В итоге пятерку моих бывших друзей вышвырнули гвардейцы, предварительно наградив каждого из них зуботычиной. На следующий день все пятеро пришли извиняться, но их, естественно по моему личному приказу, не пропустили, оставив околачиваться возле дворца.
Следом за этим неприятным инцидентом наступил черед других, пусть мелких, но все же уязвляющих мое самолюбие случаев. Кои начались с приезда моего номинального воспитателя Александра Меншикова, назначенного таковым самим царембатюшкой…
В один из дней, ближе к обеду, когда был сделан перерыв между занятиями, ко мне в комнату зашел молодой мужчина, одетый по последнему слову европейской моды: в сером парике, темно-синих туфлях, с каким-то бантиком и в темно-зеленом камзоле, поверх которого был небрежно накинут меховой плащ. Легкий прищур глаз и чуть надменная улыбка, говорящая людям: мол, давайте копошитесь, а я посмотрю на вас сверху…

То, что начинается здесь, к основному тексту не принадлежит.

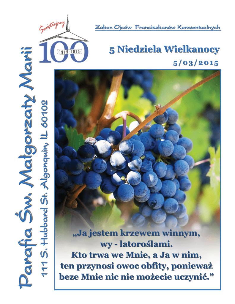 5 Niedziela Wielkanocy 5/03/2015 111 S. Hubbard St. Algonquin, lL 60102 Parafia Św. Małgorzaty Marii Zakon Ojców Franciszkanów Konwentualnych „Ja jestem krzewem winnym, wy - latoroślami. Kto trwa we Mnie, a Ja w nim, ten przynosi owoc obfity, ponieważ beze Mnie nic nie możecie uczynić.” OD PROBOSZCZA „Ja jestem krzewem winnym, wy - latoroślami. Kto trwa we Mnie, a Ja w nim, ten przynosi owoc obfity, ponieważ beze Mnie nic nie możecie uczynić.” Drodzy Przyjaciele! Pewien człowiek znalazł jajko orła. Zabrał je i włożył do gniazda kurzego w zagrodzie. Orzełek wylągł się ze stadem kurcząt i wyrósł wraz z nimi. Orzeł przez całe życie zachowywał się jak kury z podwórka, myśląc, że jest podwórkowym kogutem. Drapał w ziemi szukając glist i robaków. Piał i gdakał. Potrafił nawet trzepotać skrzydłami, fruwać kilka metrów w powietrzu. No bo przecież, czyż nie tak właśnie fruwają koguty? Minęły lata i orzeł zestarzał się. Pewnego dnia zauważył wysoko nad sobą, na czystym niebie wspaniałego ptaka. Szybował elegancko i majestatycznie wśród prądów powietrza, lekko poruszając potężnymi, złocistymi skrzydłami. Stary orzeł patrzył w górę oszołomiony. - Co to jest? - zapytał kurę stojącą obok. - To jest orzeł, król ptaków - odrzekła kura. - Ale nie myśl o tym, ty i ja jesteśmy inni niż on. Tak więc orzeł więcej o tym nie myślał. I umarł, wierząc, że jest kogutem w zagrodzie. Słowa Ewangelii wg św. Jana 15, 1-8 Jezus powiedział do swoich uczniów: „Ja jestem prawdziwym krzewem winnym, a Ojciec mój jest tym, który uprawia. Każdą latorośl, która we Mnie nie przynosi owocu, odcina, a każdą, która przynosi owoc, oczyszcza, aby przynosiła owoc obfitszy. Wy już jesteście czyści dzięki słowu, które wypowiedziałem do was. Trwajcie we Mnie, a Ja w was trwać będę. Podobnie jak latorośl nie może przynosić owocu sama z siebie, o ile nie trwa w winnym krzewie, tak samo i wy, jeżeli we Mnie trwać nie będziecie. Ja jestem krzewem winnym, wy - latoroślami. Kto trwa we Mnie, a Ja w nim, ten przynosi owoc obfity, ponieważ beze Mnie nic nie możecie uczynić. Ten, kto we Mnie nie trwa, zostanie wyrzucony jak winna latorośl i uschnie. I zbiera się ją, i wrzuca do ognia, i płonie. Jeżeli we Mnie trwać będziecie, a słowa moje w was, poprosicie, o cokolwiek chcecie, a to wam się spełni. Ojciec mój przez to dozna chwały, że owoc obfity przyniesiecie i staniecie się moimi uczniami”. Bardzo ważne jest dla nas wszystkich, abyśmy wiedzieli kim naprawdę jesteśmy. Mówiąc o wierze, powinniśmy wiedzieć, że jesteśmy zakorzenieni w Chrystusie przez Chrzest św. Z Jego łaską i pomocą, zdolni jesteśmy do czynienia najpiękniejszych rzeczy na świecie, którymi są: miłość, służba i przebaczenie. Orzeł z dzisiejszej przypowieści nie znał swojego prawdziwego pochodzenia. Wyrósł w zagrodzie razem z kurami, dlatego myślał, że jest tylko podwórkowym kogutem. Kiedy zobaczył orła szybującego wysoko po niebie, podziwiał go, i wciąż wierzył, że on sam jest tylko kogutem podwórkowym, i nie może być jak ten wspaniały orzeł. Może gdyby chciał posłuchać własnego serca, a nie słów kur, odkryłby, że jest orłem. Łatwo sami siebie możemy odnaleźć w tej historyjce. Wielokrotnie słyszymy od innych, że powinniśmy wieść życie spokojne, wygodne według zasad obecnego świata i będziemy w porządku, bo kto tak naprawdę wie co jest po drugiej stronie? Ale Jezus mówi: „Ja jestem krzewem winnym, wy - latoroślami”. Powinniśmy być złączeni z Nim i to właśnie jest nasza prawdziwa tożsamość. Przez Jezusa, również jesteśmy połączeni z naszymi braćmi i siostrami w Chrystusie i dlatego powinniśmy nawzajem sobie pomóc zrozumieć nasze prawdziwe powołanie. Boża łaska może uczynić z nas wspaniałe orły, szybujące wysoko przez życie i przypominające innym, że też są orłami. Naszym celem jest żyć z Bogiem na zawsze. W zeszły weekend prezentowaliśmy Apel Diecezjalny 2015 "Wiele Ścieżek, Jedna Droga". Jeszcze raz chciałbym zaprosić Was do uczestnictwa w tym apelu diecezjalnym. Koperty z formą donacyjną powinniście już otrzymać z Diecezji Rockford, więc proszę rozważcie z modlitwą donacje na ten Apel. Ci z Was, którzy nie są zarejestrowani w parafii, a chcieliby nas wesprzeć proszę o wzięcie kopert, które są w ławkach lub w przedsionku kościoła. Proszę napisać Imię i Nazwisko, podać swój adres, oraz wpisać parafię St. Margaret Mary, Algonquin. Pokój i Dobro, Fr. Piotr Sarnicki, OFM, Conv. CZYTANIE Z DZIEJÓW APOSTOLSKICH DZ 9,26-31 CZYTANIE Z PIERWSZEGO LISTU ŚW. JANA APOSTOŁA 1 J 3,18-24 Kiedy Szaweł przybył do Jerozolimy, próbował przyłączyć się do uczniów, lecz wszyscy bali się go, nie wierząc, że jest uczniem. Dzieci, nie miłujmy słowem i językiem, ale czynem i prawdą. Po tym poznamy, że jesteśmy z prawdy, i uspokoimy przed Nim nasze serce. Bo jeśli nasze serce oskarża nas, to przecież Bóg jest większy od naszego serca i zna wszystko. Dopiero Barnaba przygarnął go i zaprowadził do apostołów, i opowiedział im, jak w drodze Szaweł ujrzał Pana, który przemówił do niego, i z jaką siłą przekonania przemawiał w Damaszku w imię Jezusa. Dzięki temu przebywał z nimi w Jerozolimie. Przemawiał też i rozprawiał z hellenistami, którzy usiłowali go zgładzić. Bracia jednak dowiedzieli się o tym, odprowadzili go do Cezarei i wysłali do Tarsu. A Kościół cieszył się pokojem w całej Judei, Galilei i Samarii. Rozwijał się i żył bogobojnie, i napełniał się pociechą Ducha Świętego. BÓG ZAPŁĄĆ Bardzo serdecznie dziękuje osobom z Rady Parafialnej i ich pomocnikom za przygotowanie naszego spotkania przy żurku wielkanocnym w ostatnią niedzielę. Było to bardzo miłe doświadczenie spotkać się razem przy wspólnym stole i w ten sposób umacniać nas

«Алексашка Меншиков, – тут же всплыло в моей памяти. – Вот ты какой, полудержавный властелин, как сказал Александр Сергеевич. Пожалуй, в нем действительно что-то есть», – внимательно приглядевшись к гостю, подумал я, убирая на край стола перо с чернилами.
– Добрый день, ваше высочество, – слегка кивнул он головой, словно сделав мне одолжение. – Я тут проездом в Москве, решил вот своего воспитанника проведать, разузнать, что да как… Может, помощь какая тебе нужна?
Светлейший князь даже не пытался скрыть своего отношения ко мне как к давно списанной шахматной фигуре, в руках которой нет ни силы, ни власти. А если знать о его близости к Петру и пронырливости, его уверенность могла быть вполне обоснованной.
– Наш государь-батюшка изволит тебе проверку знаний устроить… через пару месяцев. Смотри, если все так же будешь с монахами болтать да девок дворовых мять, вломит он тебе, как в прошлый раз, опять неделю сидеть не сможешь.
Сказал и ухмыльнулся, внимательно смотря мне в глаза, ожидая там что-то увидеть. Однако через несколько секунд игра в гляделки прекратилась, Меншиков отвел глаза в сторону, подойдя к открытому настежь окну с видом на площадь.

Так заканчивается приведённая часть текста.